“There are only two sorts of doctors: those who practice with their brains, and those who practice with their tongues.”—William Osler
I am happy to introduce our guest writer this week, Dr Syed Faisal Taha. He was my clinical specialist when I was working as a medical officer in Seberang Jaya Hospital.
He is currently a consultant nephrologist and physician in Kedah Medical centre. He is an excellent storyteller and recently via his Facebook shared his scary moments behind the Sungai cluster outbreak in his hospital.

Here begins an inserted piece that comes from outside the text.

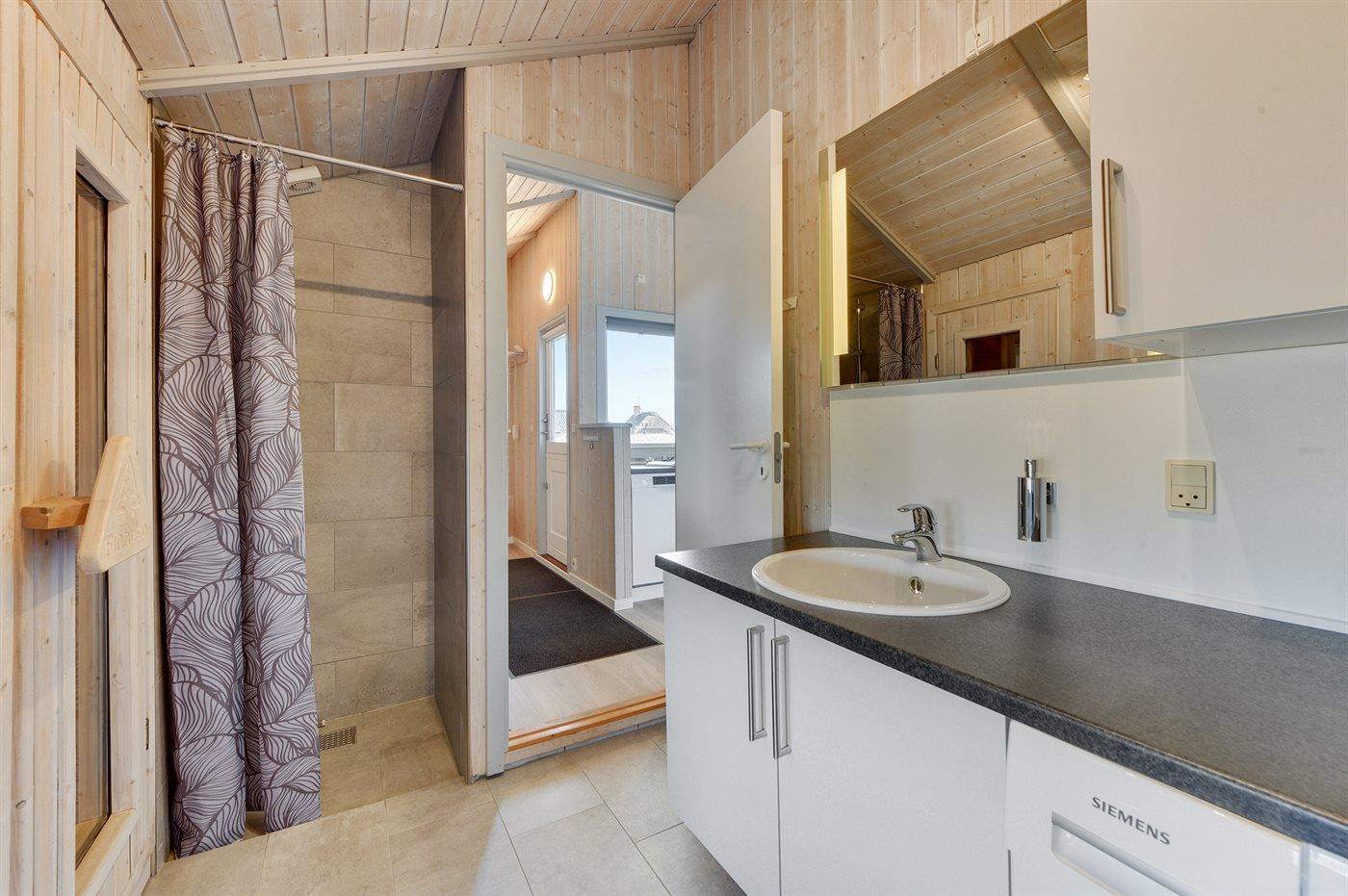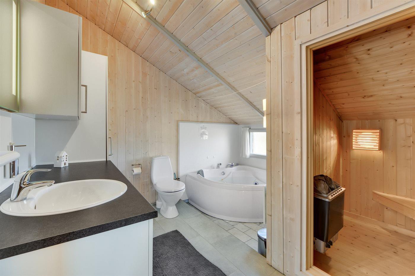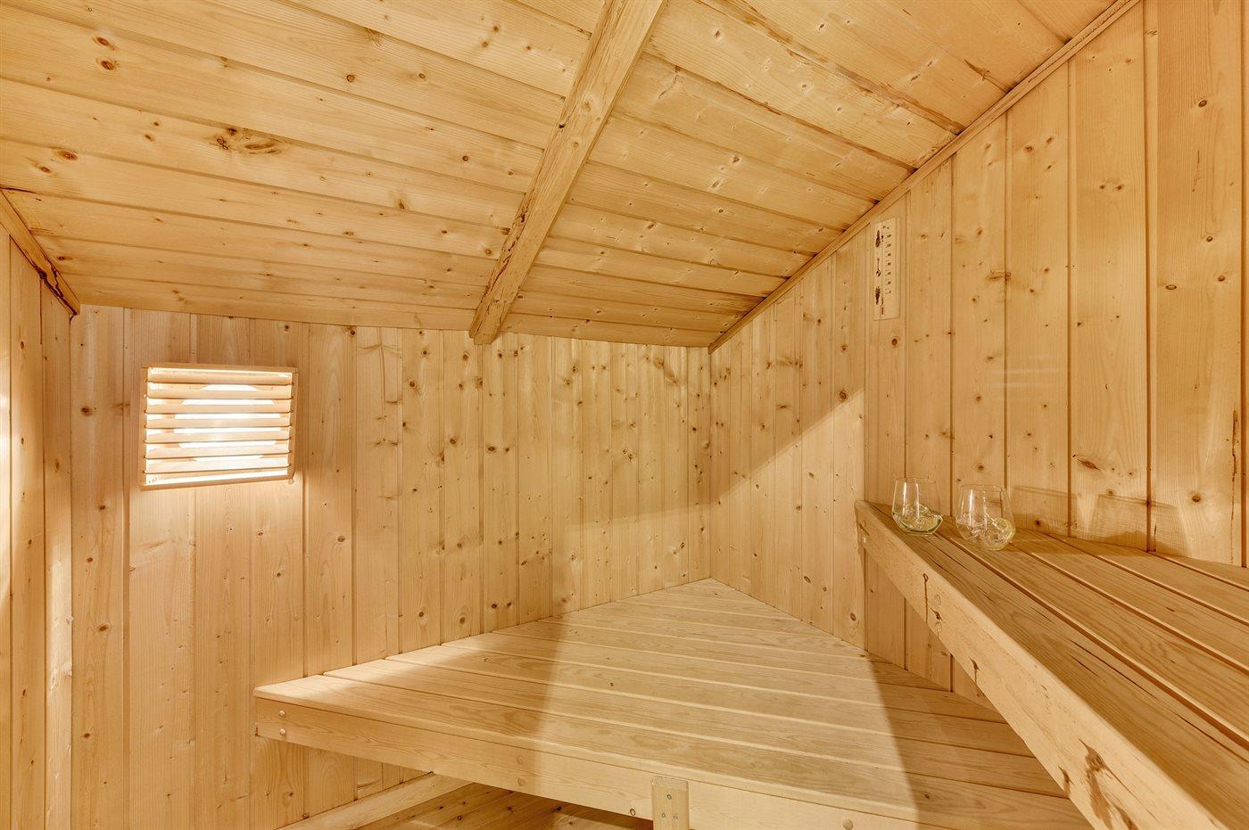 Er is 1 badkamer met douchehok en 2 toiletten, waarvan 1 gastentoilet. Er is vloerverwarming in 1 badkamer. De sauna biedt de gelegenheid tot ontspanning.

Let me present to you Dr. Syed Faisal Taha’s untold story- A New Norm in A Dialysis Unit.
A New Norm in A Dialysis Unit
What would you say if I were to take you for a tour of my dialysis unit? What more,you don’t have to pay for the booking fees, in fact, you don’t even have to pay a dime for it.
It’s on the house. Hmm, I can see that sparkle in your eyes, but don’t pack your suitcases yet. We are going on a special trip that requires some imagination and virtual engagement. There’s no better time to do this than now because I only offer this tour during the pandemic.
As you know this kind of pandemic may happen only once in our lifetime. Provided it doesn’t shorten it…..opps! sorry a bad joke.
On this tour, you can wear whatever you want or don’t want …only on one condition. You must imagine you have got to put on your mask and face shield throughout. I suggest you wear our plastic apron and disposable gloves too. You see over here, we are not just worried about Covid-19. We have got other worries on our shoulders too like needle prick injuries, splashing of the dialysate fluids that may carry other viruses like hepatitis B and the likes. Some patients may carry nasty bacteria like MRSA that you may not want to bring it home.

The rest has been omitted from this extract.